In the listing below, find the line containing "Зеев Лаутерман, место" and the line containing "4 kart pracy", then copy exactly everything from the first through the second, except the pictures.

*Records supplied*:
Content starts

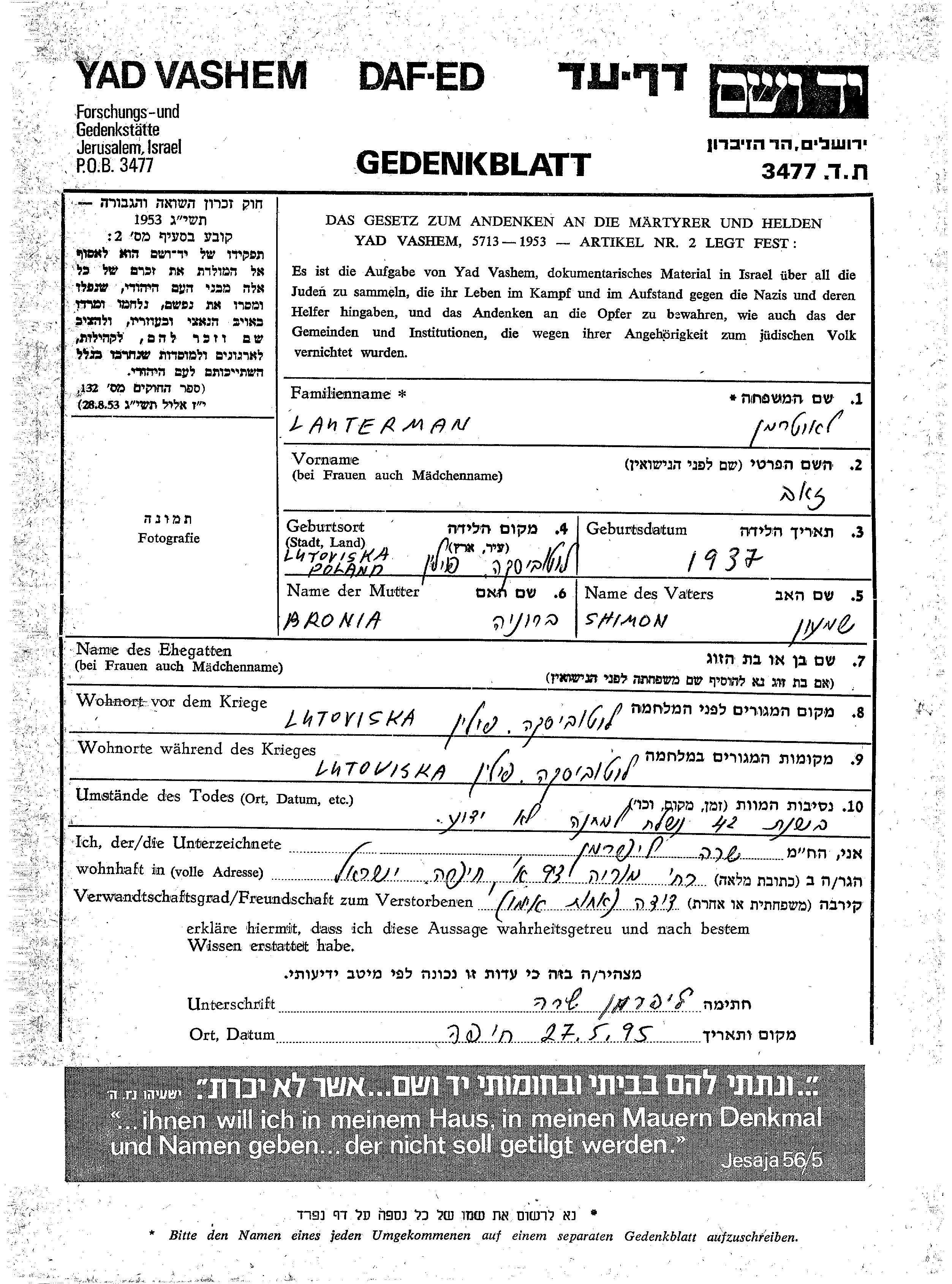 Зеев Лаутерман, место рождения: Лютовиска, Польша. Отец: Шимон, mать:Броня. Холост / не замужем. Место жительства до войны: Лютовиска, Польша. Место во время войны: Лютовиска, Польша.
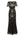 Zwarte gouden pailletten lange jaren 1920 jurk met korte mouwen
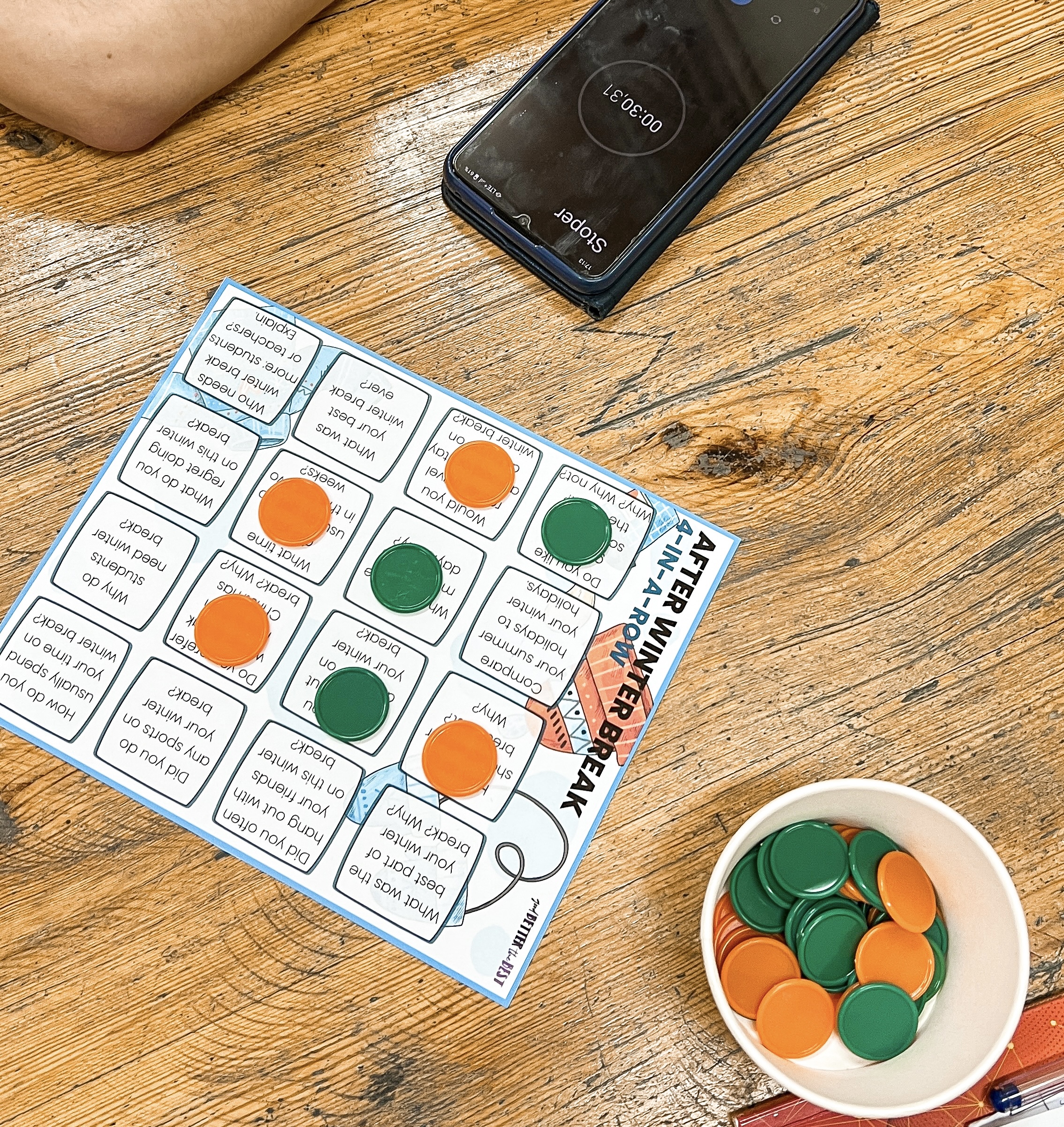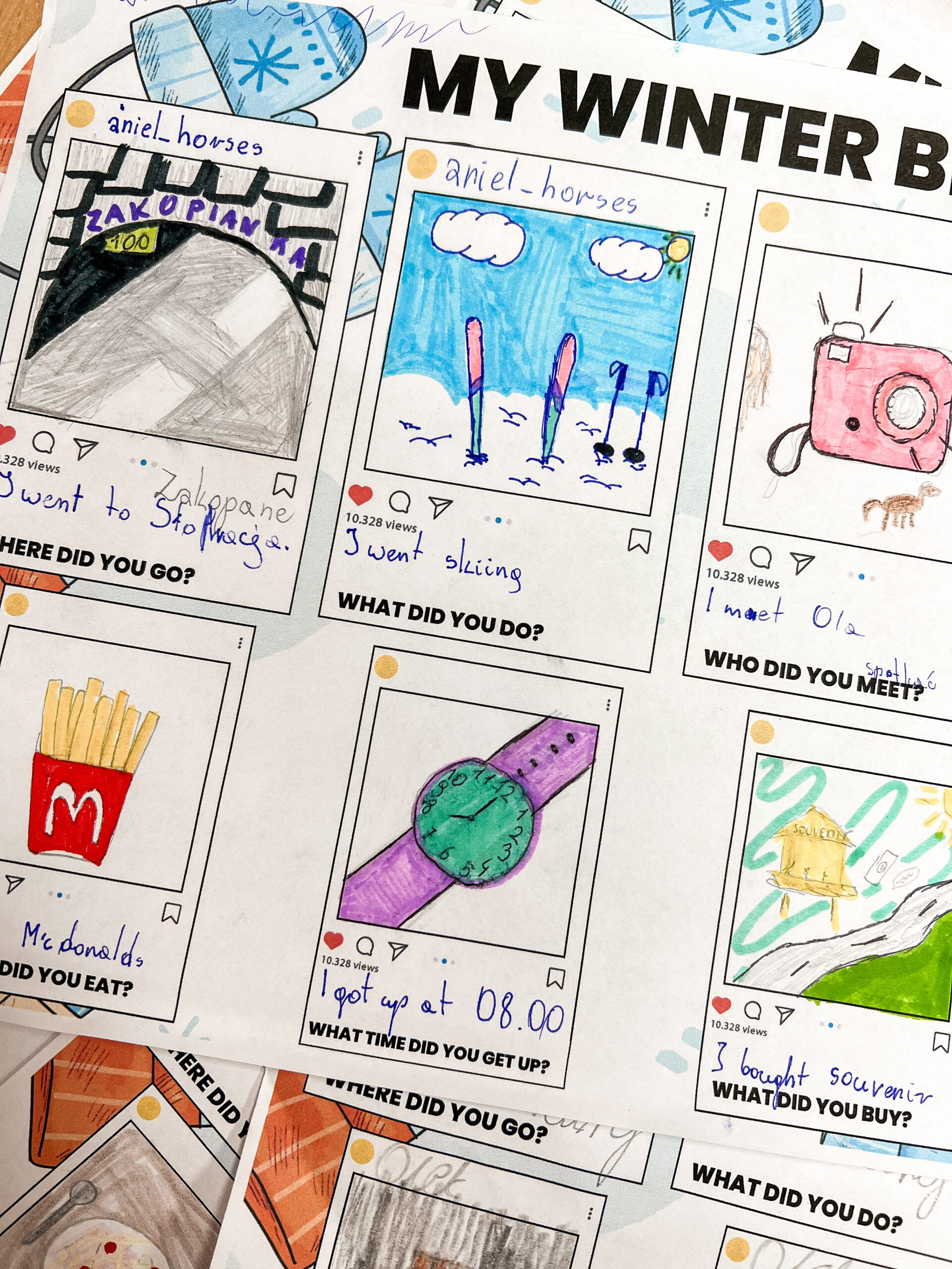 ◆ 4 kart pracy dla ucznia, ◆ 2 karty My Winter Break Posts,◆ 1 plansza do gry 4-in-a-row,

Content ends
Content starts

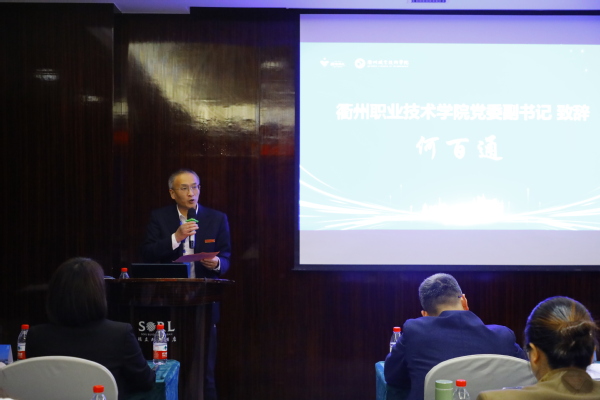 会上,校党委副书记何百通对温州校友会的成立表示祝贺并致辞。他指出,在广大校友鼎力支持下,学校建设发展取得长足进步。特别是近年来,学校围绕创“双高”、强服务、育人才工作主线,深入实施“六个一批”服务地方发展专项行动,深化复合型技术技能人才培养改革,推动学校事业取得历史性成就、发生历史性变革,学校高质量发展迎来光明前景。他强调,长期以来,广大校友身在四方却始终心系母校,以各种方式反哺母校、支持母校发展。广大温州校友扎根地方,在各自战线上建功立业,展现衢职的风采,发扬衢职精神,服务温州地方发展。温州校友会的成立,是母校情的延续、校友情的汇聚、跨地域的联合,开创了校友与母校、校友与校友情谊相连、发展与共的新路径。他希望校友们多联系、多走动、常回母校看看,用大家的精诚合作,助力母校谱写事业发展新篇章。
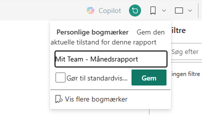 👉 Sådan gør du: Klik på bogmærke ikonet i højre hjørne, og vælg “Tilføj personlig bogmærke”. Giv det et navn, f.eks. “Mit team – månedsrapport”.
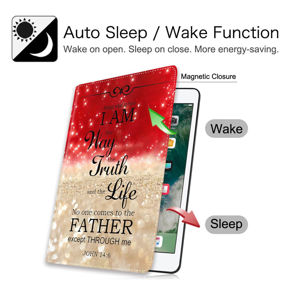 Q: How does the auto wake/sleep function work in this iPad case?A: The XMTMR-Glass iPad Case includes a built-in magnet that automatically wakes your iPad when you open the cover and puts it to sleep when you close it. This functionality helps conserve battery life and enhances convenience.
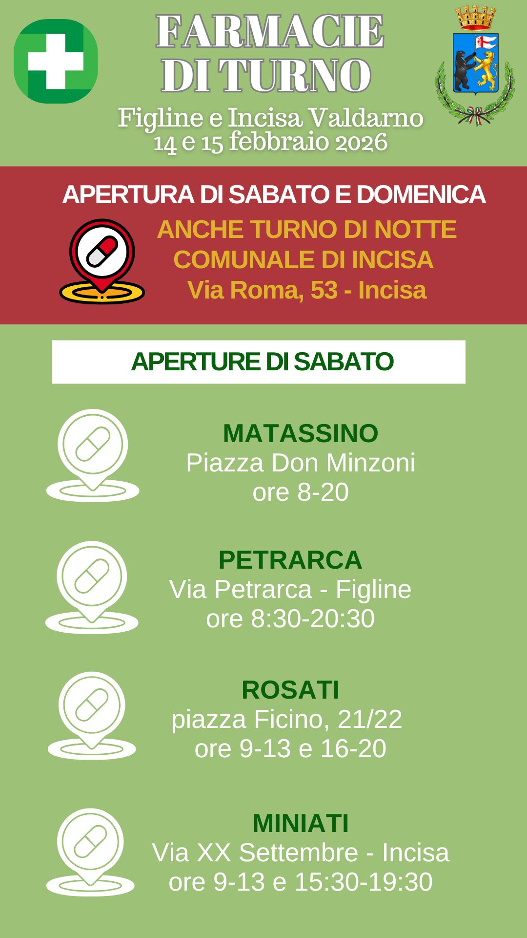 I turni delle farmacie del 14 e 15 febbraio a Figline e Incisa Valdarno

Content ends

*Result for this exercise*:
 Зеев Лаутерман, место рождения: Лютовиска, Польша. Отец: Шимон, mать:Броня. Холост / не замужем. Место жительства до войны: Лютовиска, Польша. Место во время войны: Лютовиска, Польша.
 Zwarte gouden pailletten lange jaren 1920 jurk met korte mouwen
 ◆ 4 kart pracy dla ucznia, ◆ 2 karty My Winter Break Posts,◆ 1 plansza do gry 4-in-a-row,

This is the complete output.